From: Rafal Smigrodzki (rms2g@virginia.edu)
Date: Tue Sep 24 2002 - 14:44:15 MDT
Hal wrote:
> This is amazing reporting. It sounds like there is a real chance
> that in 10-15 years we, our whole society, may be able to effectively
> eliminate our need for sleep. That would be a tremendous boost for
> the acceptance of extropian philosophy. Once people take this step
> beyond their human limitations, all the following steps will be that
> much easier.
>
### As much as I wish this were true I can't help being quite skeptical
here. Since we know that in the ancestral environment falling asleep is
dangerous, with all the hyenas prowling around, there must have been some
selection pressure for reduction of sleep.
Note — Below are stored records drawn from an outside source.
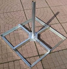 Voor het verankeren van een parasol in een tuin wordt de afgebeelde kant en klare metalen constructie aangeboden en dat lijkt mij met verzwaard met veel tegels ook geschikt voor onze doeleinden. Een antenne fabrikant in Brielle heeft ook zoiets in zijn assortiment.
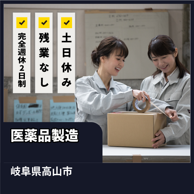給与詳細 月収例 240,000円 日給例 12,000円 勤務地 岐阜県高山市 仕事内容 医薬品製造
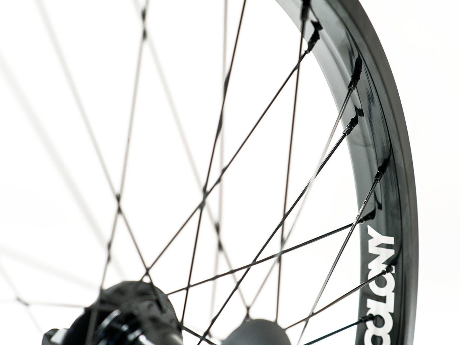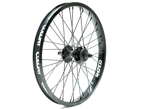 Заднее колесо в сборе на фрикостере Colony Swarm Freecoaster и ободе Colony Contour. Спицы Colony 14G и черными латунными ниппелями. В комплекте идут два фирменных хабгарда, благодаря которым колесо готово к скольжениям прямо из коробки. Ободная лента Colony.

That we still sleep is for me a
strong indication that getting rid of the need for sleep is
neurophysiologically difficult, probably burdened with unfavorable
trade-offs (e.g. diminished high-level information processing). While
eventually new technologies will most likely allow constant wakefulness
without getting stupider, this will require very advanced revamping of our
neurophysiology, perhaps even discarding it altogether in favor of a
tireless inorganic substrate. Fiddling with neural network setpoints using
something as crude as drugs is not likely to achieve a feat that our Mother
Evolution couldn't accomplish in 20 million years.